寂れていく都市の情景、そしてそこに住む人たち・・・
1982年発売、ブルース・スプリングスティーン のヴォーカル、ギター、ハーモニカのみで録音され当時のアメリカ労働者階級のエピソードを淡々と歌ったシンプルでメッセージ性の強い作品。全米チャート3位を記録。彼の作品の中では地味な作品ですが、ギターとハーモニカの演奏だけというシンプルな演奏の為、ブルースの歌声が心に染みます。『ネブラスカ』『アトランティック・シティ』『ハイウェイ・パトロールマン』などを収録。
空前の大ヒットとなった『ボーン・イン・ザ・USA』に比べると信じられないほど地味な作品ですが、大衆受けする大ヒット作品よりも、心に残るのはなぜでしょうか。本作は、Eストリート・バンドの演奏は一切入っていません。ブルース・スプリングスティーンが自宅の4chレコーダーで録音した物をそのままレコード化した作品で、かなりプライベートな作品かと思いきや、彼自身についてのテーマを作品にしたわけではなく、この時代の一般的なアメリカ人の物語を淡々と弾き語る曲ばかりが収録され、当時のアメリカ社会という枠組みの中で、追い込まれてしまう人間の悲劇がテーマになっています。アメリカは変わってしまった。もう労働者に住む安い国ではなくなってしまったというメッセージが強く感じられ、今聴いてみると、時代が厳しさを増し、このアルバムが発売された頃よりも酷くなっている事に唖然とさせられます。この当時は、アメリカ人にとって共感できる物語が多かったのかもしれませんが、今となっては日本も同じ。今だからこそ聴いて欲しい名盤です。
ヴォーカル、ギター、ハーモニカのみで録音されているのでノリのいいポップな曲を求めるロックファンには不満が残るかもしれません。

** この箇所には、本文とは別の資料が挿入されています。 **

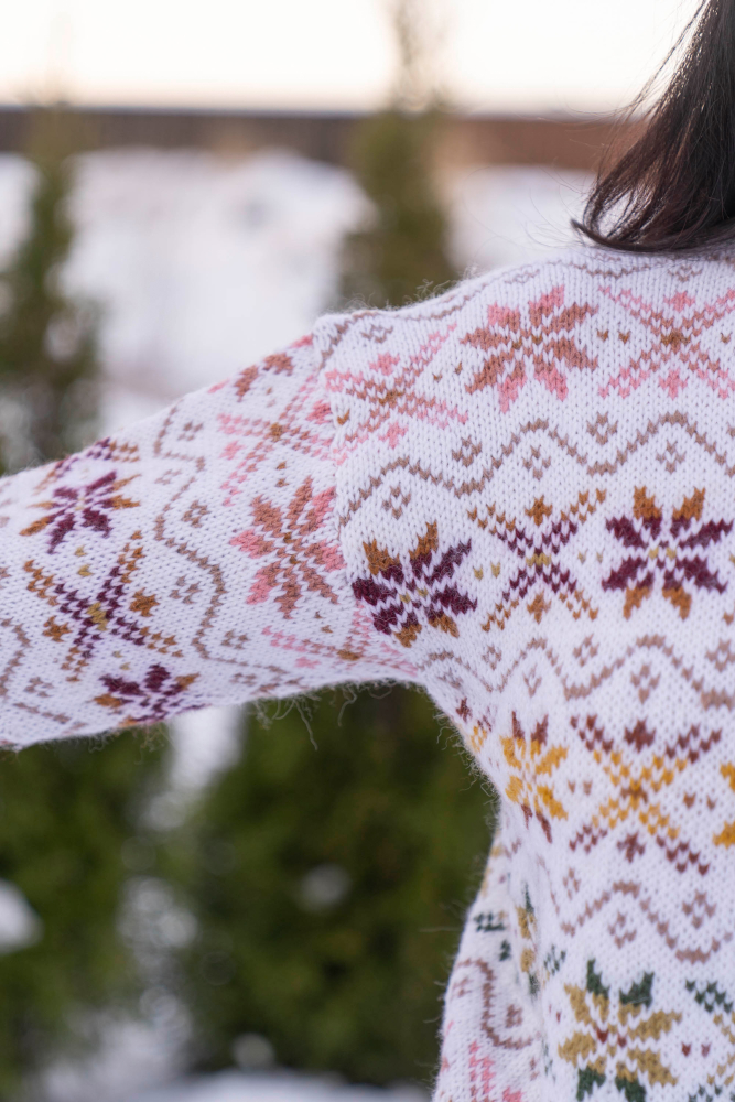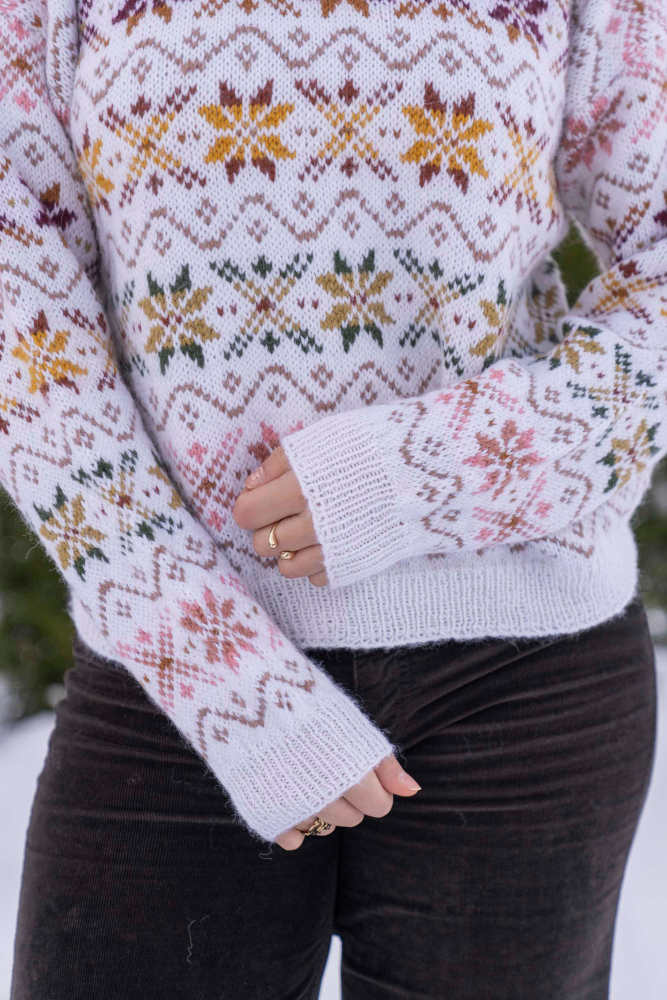 So finden Sie die passende Größe: Messen Sie ein Kleidungsstück aus, das Ihnen gut passt, und vergleichen Sie die Maße mit der Anleitung. Entscheiden Sie sich basierend auf der Brustweite des Rumpfteils für eine Größe. Die Länge des Rumpfteils sowie der Ärmel kann nach Belieben angepasst werden, aber denken Sie daran, zusätzliches Garn zu bestellen, wenn Sie die Länge verändern möchten!
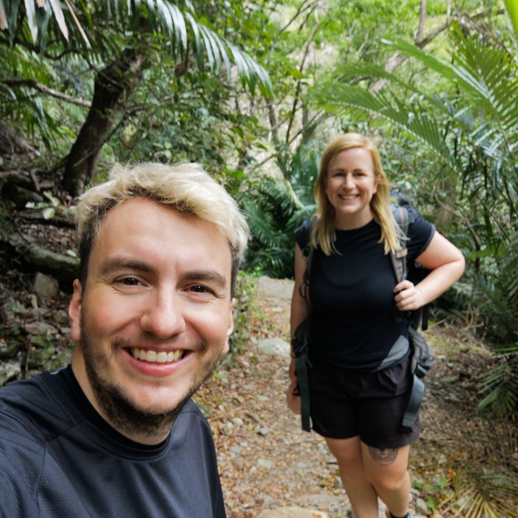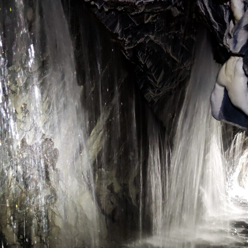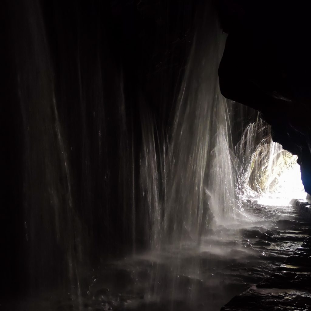 Die Wege sind wieder gut ausgebaut und verlaufen kann man sich quasi nicht. Gegen Ende erwartet uns ein unerwartetes Highlight. Wir laufen in eine Höhle, in der ein Wasserfall ist. Genauer gesagt laufen wir quasi hindurch, denn von oben plätschert richtig viel Wasser auf den schmalen Steinweg. Es sieht richtig cool aus. Wir stülpen noch schnell den Regenschutz über den Rucksack und laufen dann einmal bis zum anderen Ende der Höhle. Als wir wieder rauskommen sind wir ganz schön nass, jetzt wissen wir, warum die anderen Menschen mit Regenjacke und -schirm ausgestattet waren.

このアルバムは、ブルース・スプリングスティーンの哲学的な語り部としての才能を楽しむアルバムなので、歌詞をじっくり読んで残酷なほどの現実を痛感しようという覚悟で聴いたほうがいいでしょう。一般的には地味な作品ですが、俳優のショーン・ペン なども、このアルバムに衝撃を受けたそうです。